-- SOURCE DATA --
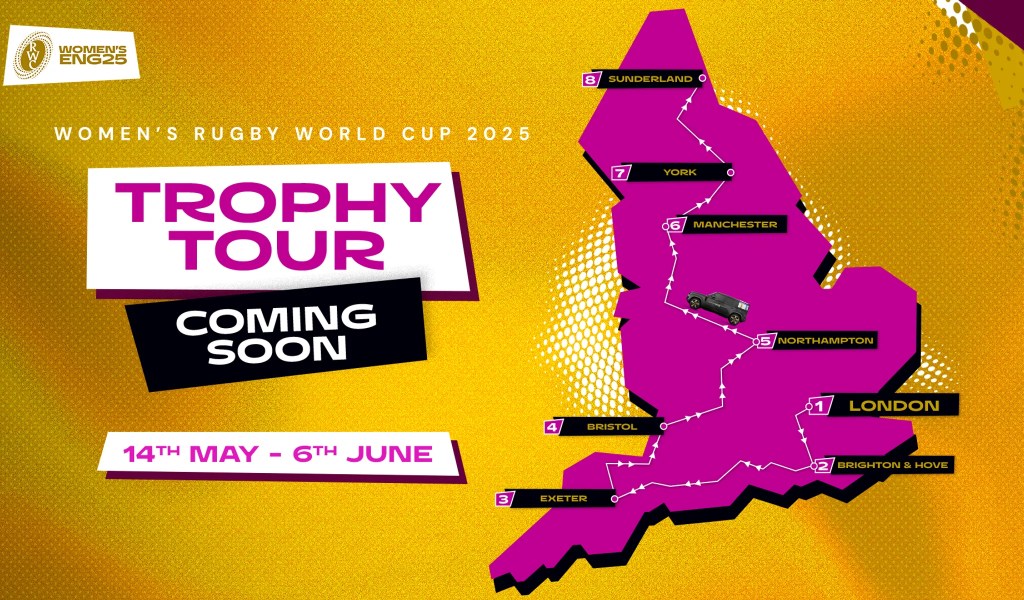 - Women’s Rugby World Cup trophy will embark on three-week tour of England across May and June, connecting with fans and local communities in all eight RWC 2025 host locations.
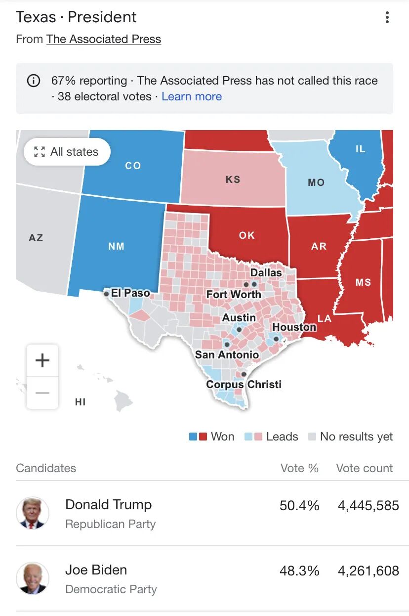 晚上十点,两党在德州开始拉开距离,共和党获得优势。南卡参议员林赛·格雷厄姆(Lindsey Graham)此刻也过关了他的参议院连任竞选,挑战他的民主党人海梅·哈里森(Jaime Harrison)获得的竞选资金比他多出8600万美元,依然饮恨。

--

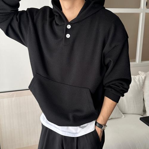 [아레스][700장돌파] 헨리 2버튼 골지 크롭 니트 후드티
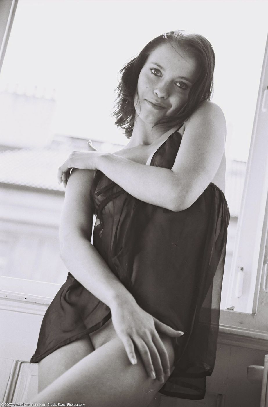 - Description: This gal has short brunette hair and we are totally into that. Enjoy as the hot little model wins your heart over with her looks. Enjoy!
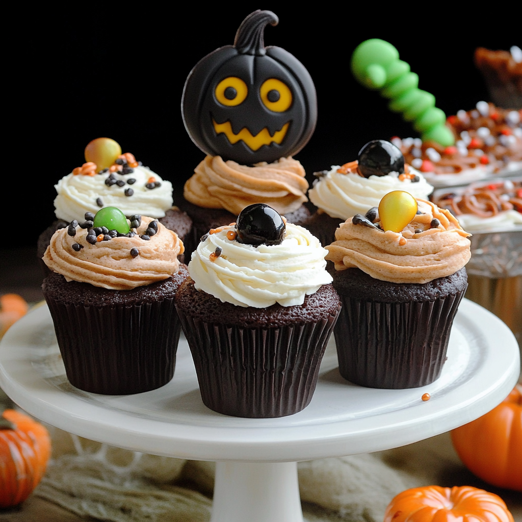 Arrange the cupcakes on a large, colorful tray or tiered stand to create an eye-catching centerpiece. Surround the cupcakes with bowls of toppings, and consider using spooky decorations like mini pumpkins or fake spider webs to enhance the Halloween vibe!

-- WORK TO BE COMPLETED --
Here the job is to copy the stretch of records from the line containing "[아레스][700장돌파] 헨리 2버튼 골지 크롭 니트 후드티" through the line containing "Arrange the cupcakes", word for word. Leave every picture out.

-- YOUR RESPONSE --
 [아레스][700장돌파] 헨리 2버튼 골지 크롭 니트 후드티
 - Description: This gal has short brunette hair and we are totally into that. Enjoy as the hot little model wins your heart over with her looks. Enjoy!
 Arrange the cupcakes on a large, colorful tray or tiered stand to create an eye-catching centerpiece. Surround the cupcakes with bowls of toppings, and consider using spooky decorations like mini pumpkins or fake spider webs to enhance the Halloween vibe!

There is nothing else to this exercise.